On March 14, 2005, a million and a half million Lebanese from all areas, communities, ages and political affiliations responded to a pro-Assad demonstration launched one week earlier by a Hezbollah gathering of more than 200,000 participants.

The anti-Syrian occupation masses, much greater than any demonstration in the entire history of Lebanon were also larger than the entire body of partisans of all political parties combined which has never exceeded 200 to 300 hundred thousands at their best in 1989 and 1990. The 1.5 million people demonstrating on March 14, 2005 were the silent majority coming together on one day to achieve what all politicians had failed to achieve in the previous 15 years and what the warlords had tried to achieve in the 15 years of war. That is to push the Syrian occupation army out of Lebanon, in just one day. The political establishment had failed to stop Assad forces from entering the country in 1976, and had failed to pull it out throughout the war had it not been for raging battles in Beirut in 1978, and in Zahle in 1981. The political establishment also missed a earth shattering opportunity in 1982-1984 after Syrian and Israeli withdrawals from parts of the country. Lebanon was forced to experience an inexplicable internecine war in 1990 following a last campaign against the Syrian forces, all ending in chaos and in the fall of the last enclave.
It took the efforts of grassroots inside Lebanon and the vision and focus of diaspora pressure groups to produce a UNSC resolution, unequal in international legal history. Even then, the politicians in charge weren't even planning an uprising. The people did the revolution, the political elite messed it up. The millions of Lebanese who hurried from the four corners of the country, from every single village, marched to downtown to finish off what no leaders have been able to shake off. The world heard and saw the first real Arab Spring in history, non violent, determined and diverse. A Cedars Revolution was born from the belly of the people. But the Cedars Revolution was supposed to continue after Martyrs Square to Baabda Palace, to Ain el Tine', to the Parliament and all institutions. The full revolution was supposed to crumble every trace of a dark past. The Army was supposed to march with the people, as Egypt has seen decades later. A new Lebanon was supposed to rise, free and sovereign. Instead politicians betrayed the revolution. They stopped the march, negotiated a new Government with Hezbollah, formed electoral coalitions with Hezbollah and invited the organization to join the Government. The rest is history as we know it. Failure after failure from 1005's assassinations, to the 2006 war, to the 2008 urban coup, to Doha and beyond.

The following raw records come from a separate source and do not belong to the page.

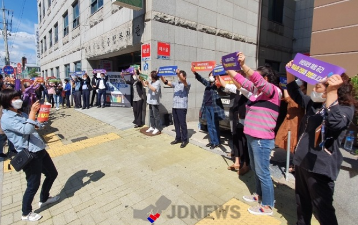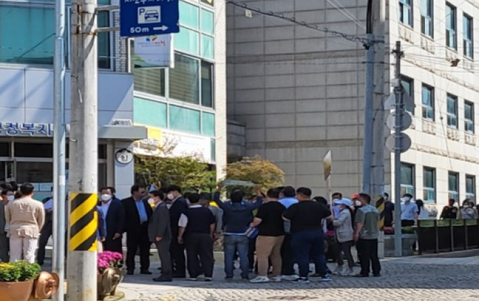 ▲ 24일 오전 10시 30분에 중앙동행정복지센터 앞에서 미술협회 회원들과 중앙동주민자치위원들이 미술관 건립에 대한 찬·반 갈등으로 몸싸움까지 벌어졌다. (사진 독자제공)JD News 유소진 기자 = 충북 제천시가 추진중인 제천시립미술관 건립 찬·반
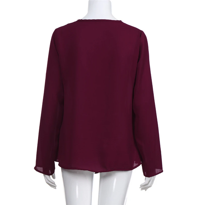 Модные женские осенние Однотонные блузки повседневные свободные топы с v-образным вырезом рубашки с длинными рукавами
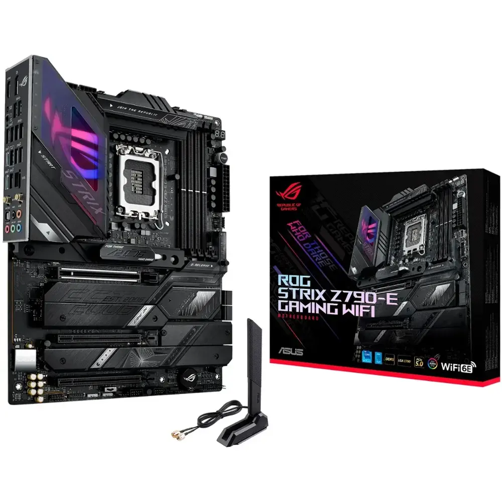 The ASUS ROG STRIX Z790-E GAMING WIFI motherboard is designed to elevate your gaming and performance experience with its LGA 1700 socket that supports both 12th and 13th Gen Intel Core processors. Powered by the Intel Z790 chipset, this motherboard offers DDR5 memory support, allowing for up to 128GB of high-speed RAM. It features Wi-Fi 6E for blazing-fast wireless connectivity and Intel 2.5Gb Ethernet for reliable wired networking. The board comes with PCIe 5.0 x16 slots, providing ample bandwidth for next-gen GPUs, and offers expansive storage options with 5x M.2 slots and 4x SATA 6Gb/s ports. Enhanced cooling is ensured through robust VRM heatsinks and multiple fan headers. A premium SupremeFX 7.1 Surround Sound provides an immersive audio experience, while the sleek black PCB with RGB lighting and Aura Sync support gives your build a stunning visual appeal. The motherboard is built in an ATX form factor, offering flexibility for powerful system configurations.
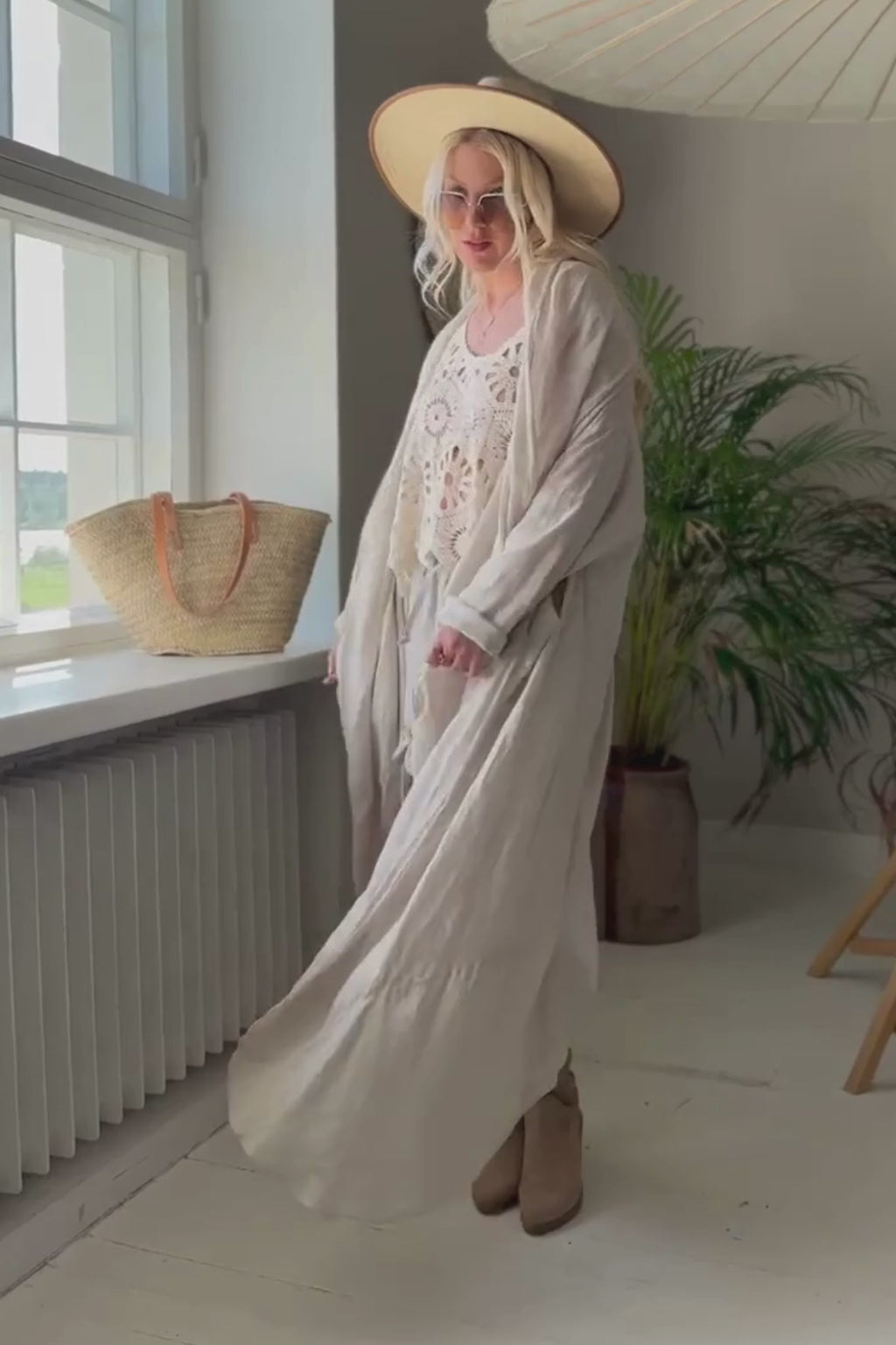 Kevyen hulmuava, pellavainen kaftaani, jossa shaalikaulus, käännetyt, aavistuksen vajaamittaiset hihat ja edessä taskut. Sivuilta pidempi malli. Täydellinen kesäpäivään shortsien ja topin kanssa yhdistettäväksi! Kaftaanissa ei ole napitusta tai muuta suljentaa edessä.

The real Cedars Revolution ended on March 14, 2005 at 6 PM. It lasted 12 not even 24 hours...But the remembrance remained, and the achievement of gathering the third of Lebanon's population in one place, was kept dear in the hearts of these young women and men who were the real heroes of the revolution. Almost as political orphans, the sons and daughters of the revolution are now ten years older. They look back in disbelieve and ask themselves. Was it worth the sacrifices. Yes it was. Did we achieve our goals, no we didn't. Are we masters of our destinies in Lebanon? No we aren't. Only another Cedars Revolution will finish what that generation has started. The future will tell.

Last Updated ( Sunday, 15 March 2015 )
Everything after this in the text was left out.